> [Data]
+++
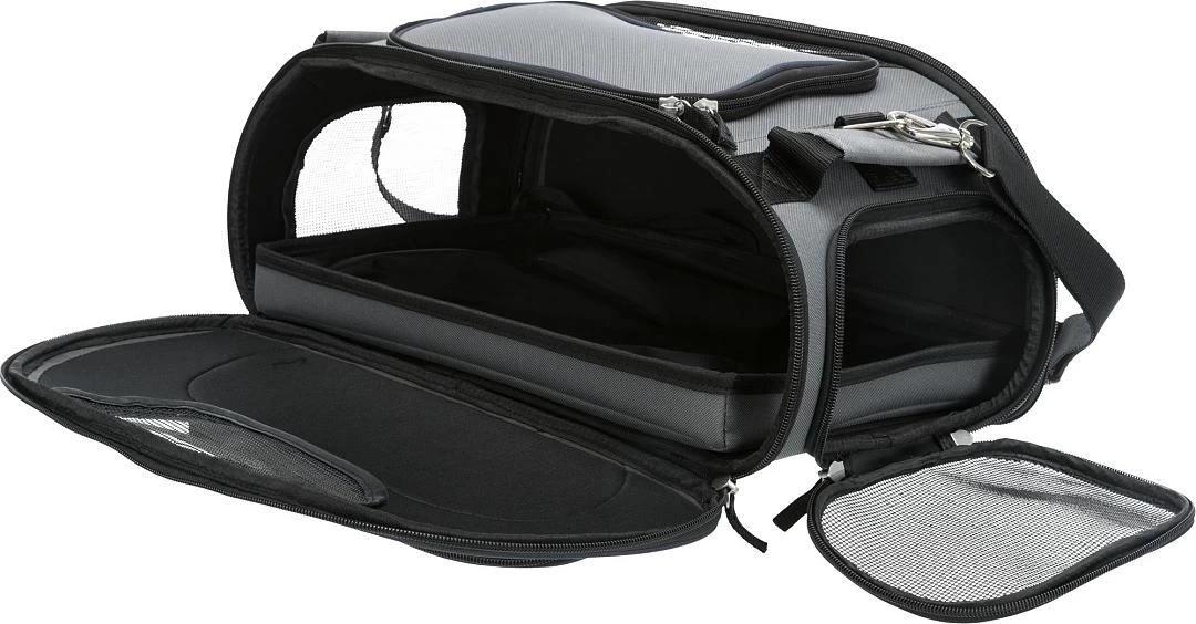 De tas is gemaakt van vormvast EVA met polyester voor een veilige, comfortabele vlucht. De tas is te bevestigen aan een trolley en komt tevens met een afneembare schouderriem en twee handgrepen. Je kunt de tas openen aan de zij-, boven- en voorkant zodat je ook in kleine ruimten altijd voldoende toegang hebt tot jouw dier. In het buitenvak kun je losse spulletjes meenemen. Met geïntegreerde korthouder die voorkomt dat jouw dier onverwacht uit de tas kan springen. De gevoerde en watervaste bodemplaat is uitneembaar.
+++
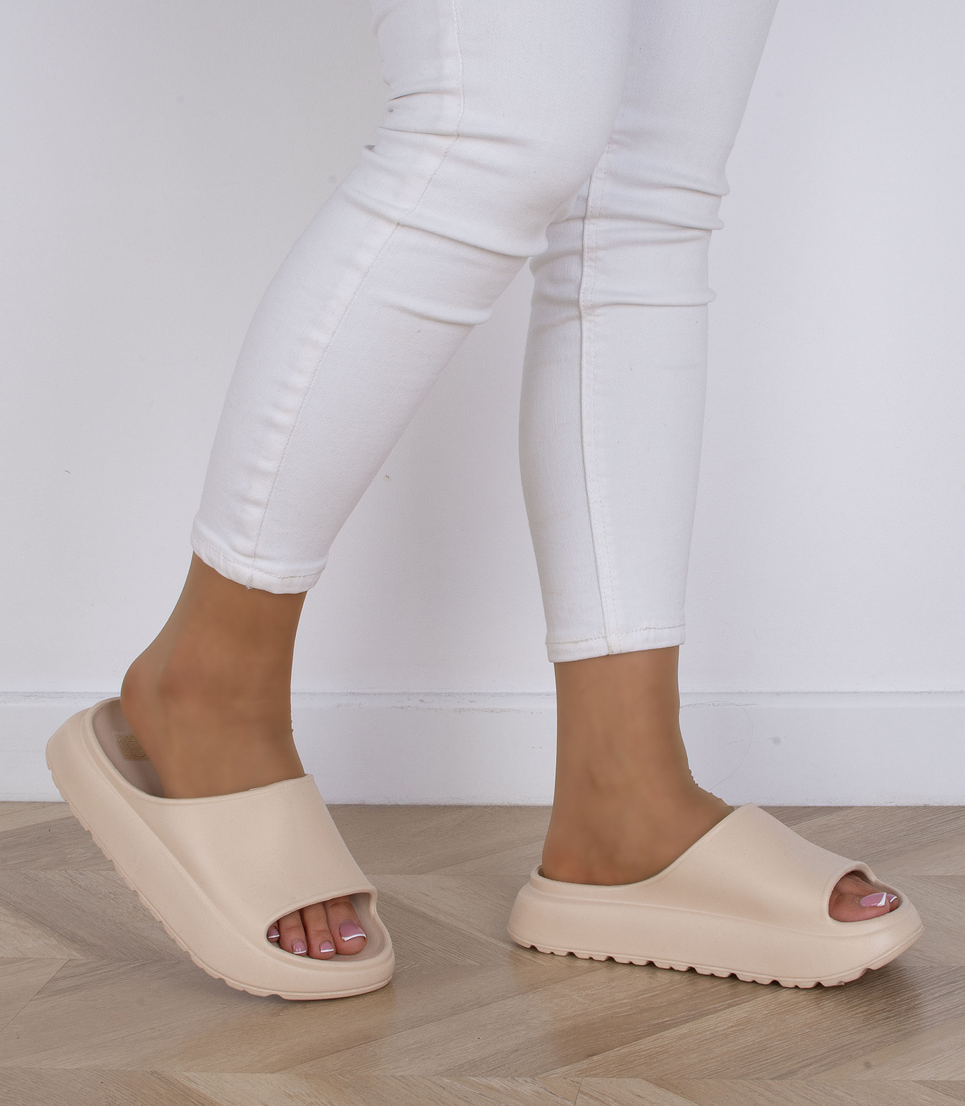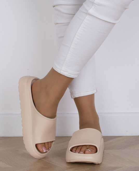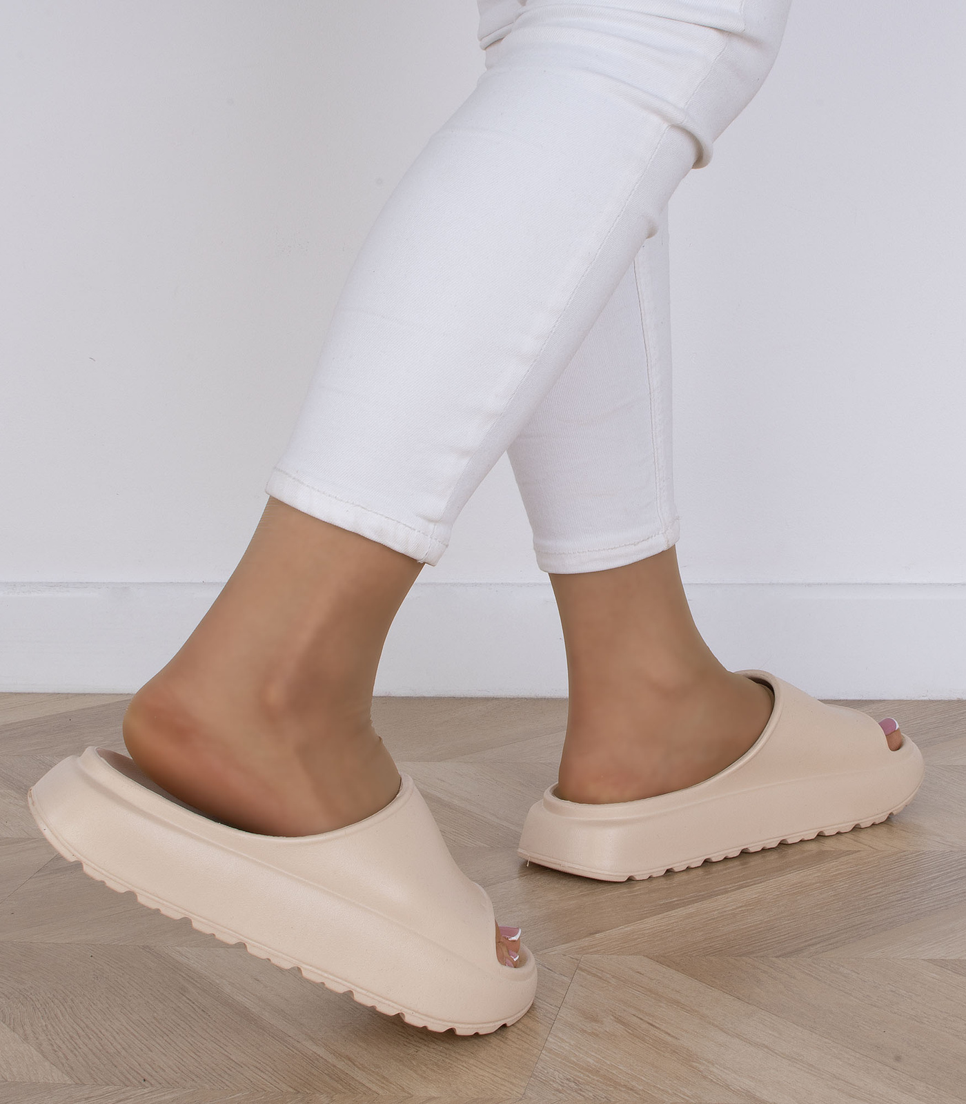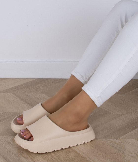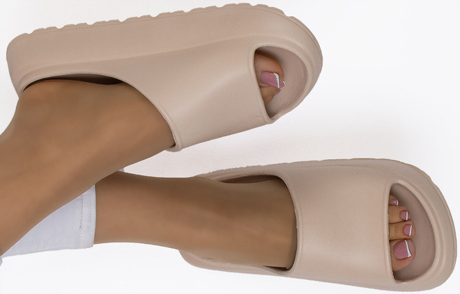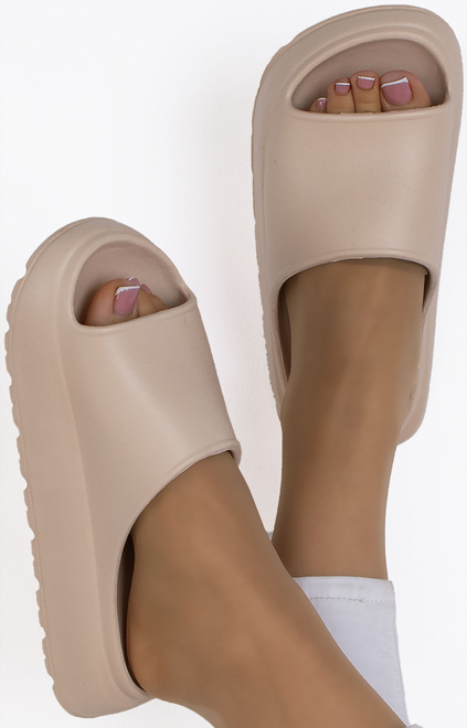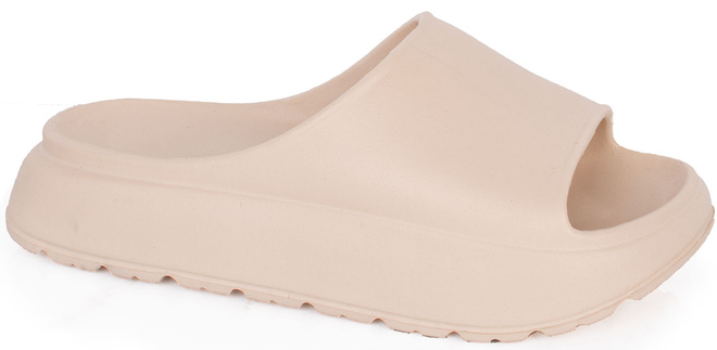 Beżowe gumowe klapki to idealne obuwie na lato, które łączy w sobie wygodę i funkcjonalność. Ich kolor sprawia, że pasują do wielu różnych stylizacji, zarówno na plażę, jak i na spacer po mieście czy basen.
+++
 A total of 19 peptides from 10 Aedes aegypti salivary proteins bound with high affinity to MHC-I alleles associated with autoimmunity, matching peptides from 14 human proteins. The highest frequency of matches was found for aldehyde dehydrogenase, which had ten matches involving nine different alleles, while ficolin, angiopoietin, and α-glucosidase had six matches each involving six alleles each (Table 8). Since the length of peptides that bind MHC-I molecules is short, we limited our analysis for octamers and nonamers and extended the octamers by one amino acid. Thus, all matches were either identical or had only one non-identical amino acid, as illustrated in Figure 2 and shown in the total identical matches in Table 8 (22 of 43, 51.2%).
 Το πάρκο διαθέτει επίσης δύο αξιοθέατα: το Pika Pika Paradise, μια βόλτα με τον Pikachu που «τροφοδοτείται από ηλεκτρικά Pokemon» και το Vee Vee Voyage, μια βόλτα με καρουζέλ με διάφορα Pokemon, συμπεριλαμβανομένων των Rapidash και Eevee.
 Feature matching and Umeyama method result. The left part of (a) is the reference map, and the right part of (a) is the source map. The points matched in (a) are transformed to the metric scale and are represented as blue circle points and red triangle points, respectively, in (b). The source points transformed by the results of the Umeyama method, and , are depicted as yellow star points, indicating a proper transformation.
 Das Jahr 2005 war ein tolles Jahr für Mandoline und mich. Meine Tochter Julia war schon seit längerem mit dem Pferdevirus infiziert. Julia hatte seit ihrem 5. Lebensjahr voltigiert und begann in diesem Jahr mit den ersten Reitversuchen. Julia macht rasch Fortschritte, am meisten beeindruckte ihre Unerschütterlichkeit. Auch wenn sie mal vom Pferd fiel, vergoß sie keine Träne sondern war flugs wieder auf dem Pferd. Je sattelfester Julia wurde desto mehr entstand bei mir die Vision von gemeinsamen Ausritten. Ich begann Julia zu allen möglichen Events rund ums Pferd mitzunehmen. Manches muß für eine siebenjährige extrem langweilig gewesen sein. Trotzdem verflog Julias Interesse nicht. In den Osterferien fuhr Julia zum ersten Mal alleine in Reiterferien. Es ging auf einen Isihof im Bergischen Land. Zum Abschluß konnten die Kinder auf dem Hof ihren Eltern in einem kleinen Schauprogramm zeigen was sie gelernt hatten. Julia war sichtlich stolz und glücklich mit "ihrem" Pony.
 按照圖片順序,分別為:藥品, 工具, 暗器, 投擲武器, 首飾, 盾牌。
+++
> [Exercise description] Please copy the lines in the records above between the one holding "Das Jahr 2005" and the one holding "按照圖片順序,分別為:藥品, 工具, 暗器, 投擲武器, 首飾, 盾牌。", inclusive, exactly and with no other line.

> [Output for this task]
 Das Jahr 2005 war ein tolles Jahr für Mandoline und mich. Meine Tochter Julia war schon seit längerem mit dem Pferdevirus infiziert. Julia hatte seit ihrem 5. Lebensjahr voltigiert und begann in diesem Jahr mit den ersten Reitversuchen. Julia macht rasch Fortschritte, am meisten beeindruckte ihre Unerschütterlichkeit. Auch wenn sie mal vom Pferd fiel, vergoß sie keine Träne sondern war flugs wieder auf dem Pferd. Je sattelfester Julia wurde desto mehr entstand bei mir die Vision von gemeinsamen Ausritten. Ich begann Julia zu allen möglichen Events rund ums Pferd mitzunehmen. Manches muß für eine siebenjährige extrem langweilig gewesen sein. Trotzdem verflog Julias Interesse nicht. In den Osterferien fuhr Julia zum ersten Mal alleine in Reiterferien. Es ging auf einen Isihof im Bergischen Land. Zum Abschluß konnten die Kinder auf dem Hof ihren Eltern in einem kleinen Schauprogramm zeigen was sie gelernt hatten. Julia war sichtlich stolz und glücklich mit "ihrem" Pony.
 按照圖片順序,分別為:藥品, 工具, 暗器, 投擲武器, 首飾, 盾牌。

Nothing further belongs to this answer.